まさに今のようなマーケット環境では、財務体質的に「サバイブできるかどうか」という観点は、投資可否検討基準として、より強まってきている部分でしょうね。

また、5つ目の「投資条件」に関して言うと、例えば、デットの割合が非常に高い会社のケースでは、状況が変化した際に、デットホルダーの権限が非常に強くなり、経営の方向性を握られてしまうリスクがあります。そういったケースでも、プロダクトの良さと関係なく、投資を難しくする一つの要因になり得ますね。

村上:1つ目に挙げられた「経営チーム」という観点でいうと、初期、質の高いプロダクトを生み出すフェーズで投資家から高く評価された経営チームであっても、その後の拡大フェーズ、拡大後の持続的経営フェーズで、継続的に高い経営力を発揮できるかどうかを、投資家サイドは見極める必要があります。

会社のフェーズによっては、良いプロダクトを生み出せるチームが良い経営陣とは限らないということです。投資家が「プロダクトを評価しても会社に投資しない」というギャップが生じるのは、こういった組織面をも含めて評価しているからでしょう。

朝倉:そうですね。スタートアップを大きく、シード・アーリー、ミドル、そしてレイターから上場以降にかけてのポストIPO期という3つの区分に分けたときに、それぞれ投資対象として重視される側面は異なります。

シード・アーリー期では、そもそもプロダクトが存在しなかったり、事業が確立していなかったりするわけですから、経営チームが最大の訴求ポイント。ミドル期では、プロダクトもそれなりに形になっていることを踏まえると、プロダクトの確立度合いや事業の本質的な価値がより着目されることになります。
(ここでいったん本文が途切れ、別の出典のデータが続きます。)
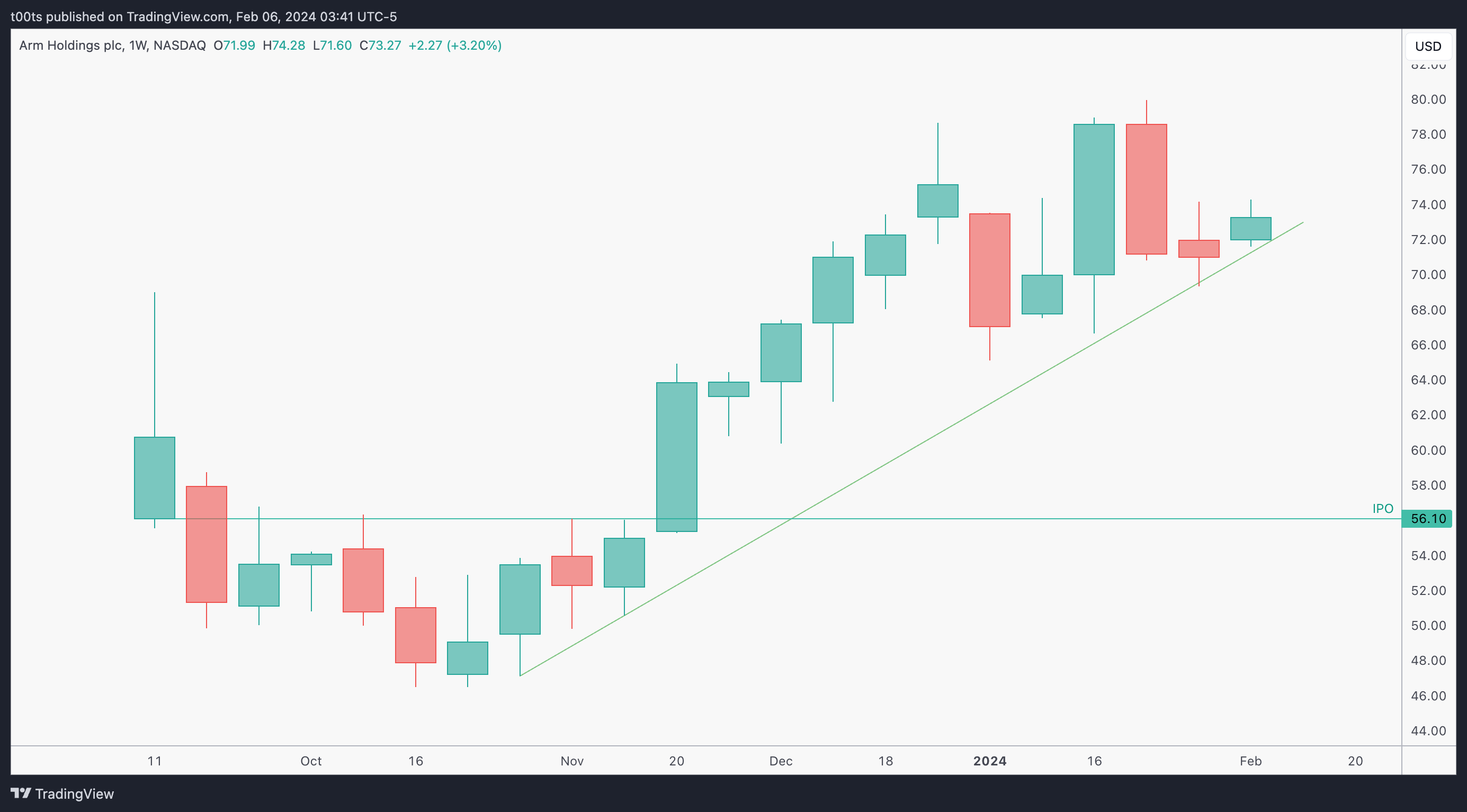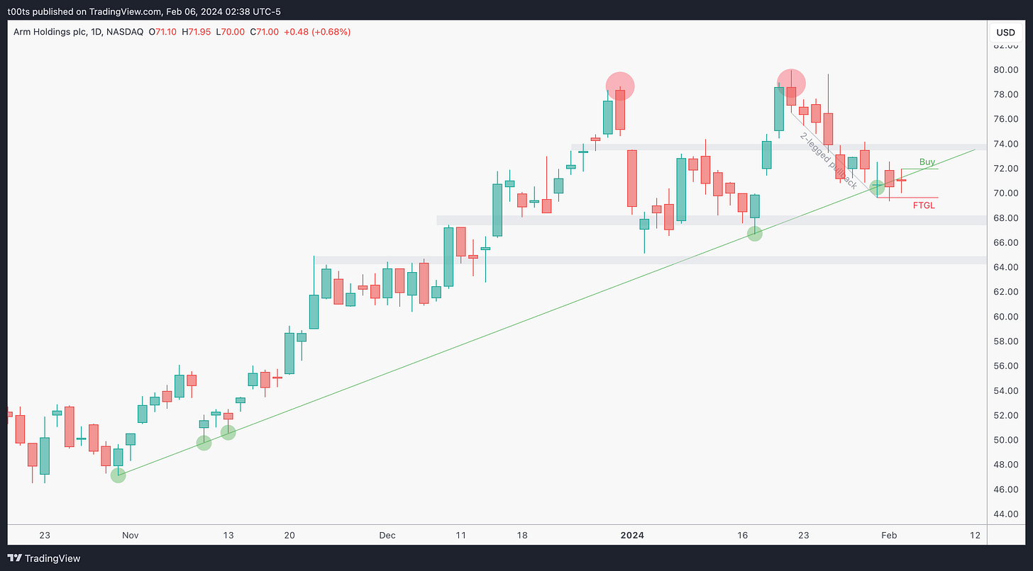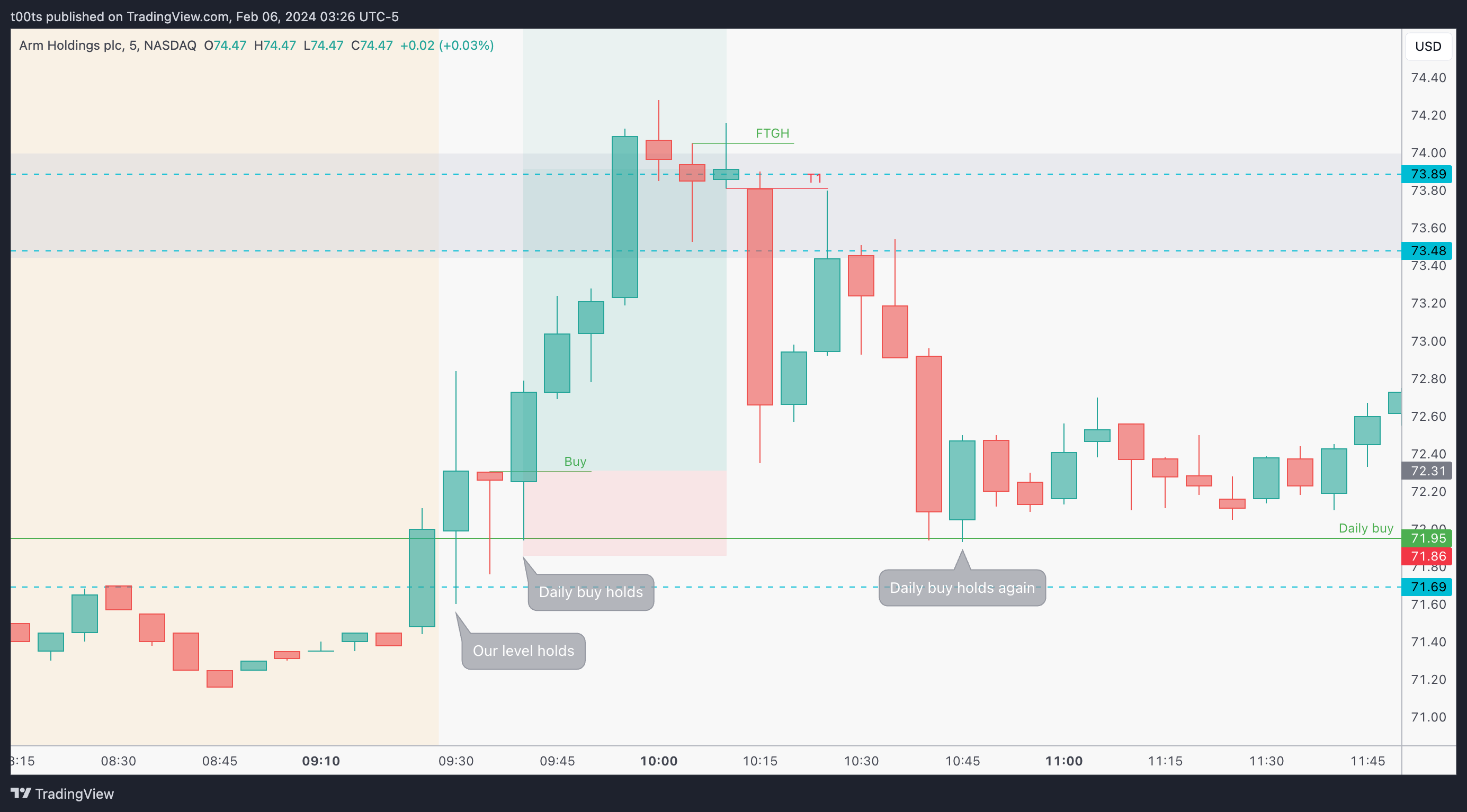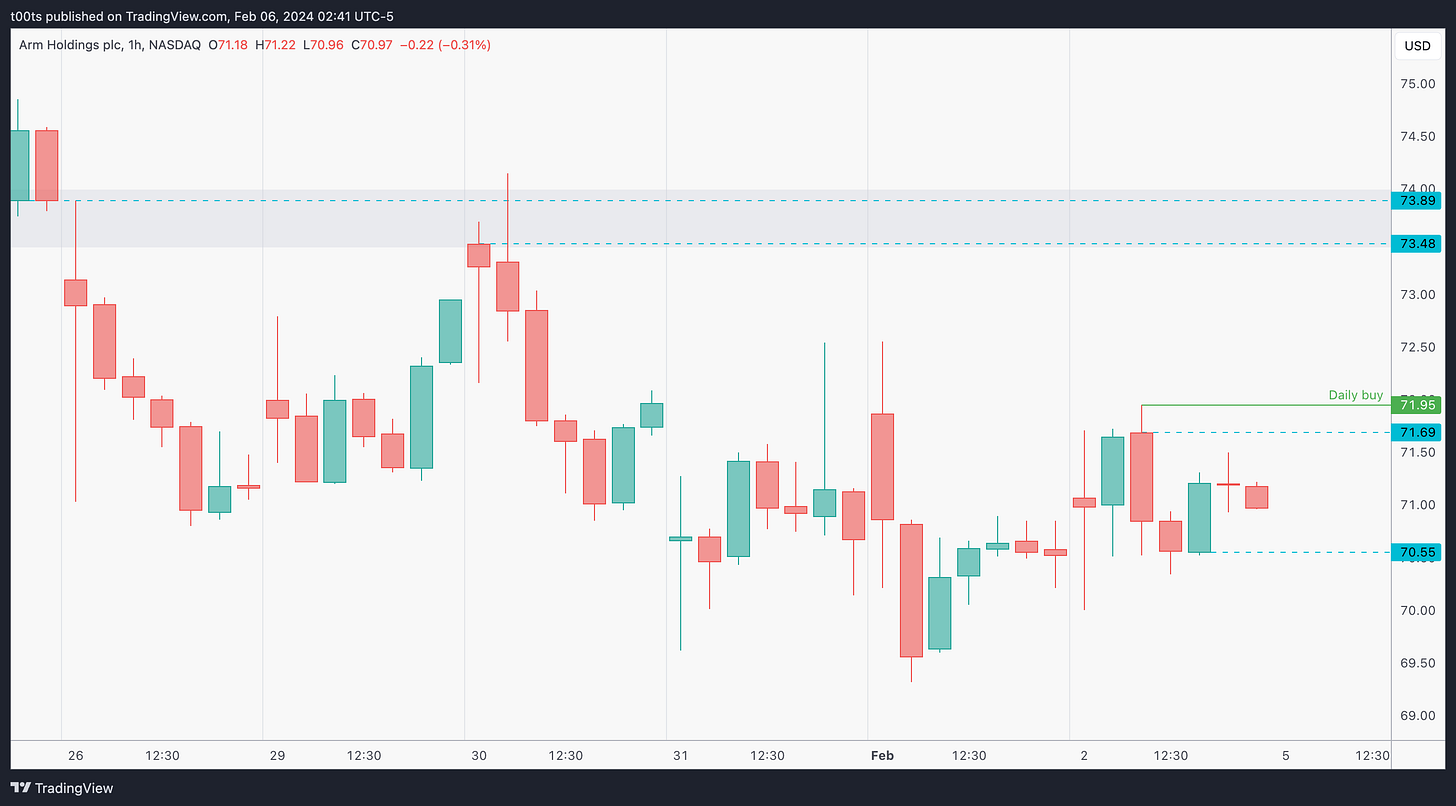 I held the trade longer because I wasn't actively monitoring it. But eventually, despite ARM's relative strength, I saw the market pulling back strong and decided to let go on that second rejection at the $73.48.

一方でレイター以降に移ると、先ほど挙げた5つのポイントのように、より総合的に会社の強さが評価されることになります。 いわば、評価の力点がプロダクト・事業から、会社全体に移るということですね。

どんな時期であれ、プロダクトは本質的に重要な構成要素の一つであることは間違いありません。ただ、フェーズが進展するにつれ、投資家が重視するポイントはより総合的に広がっていくということですね。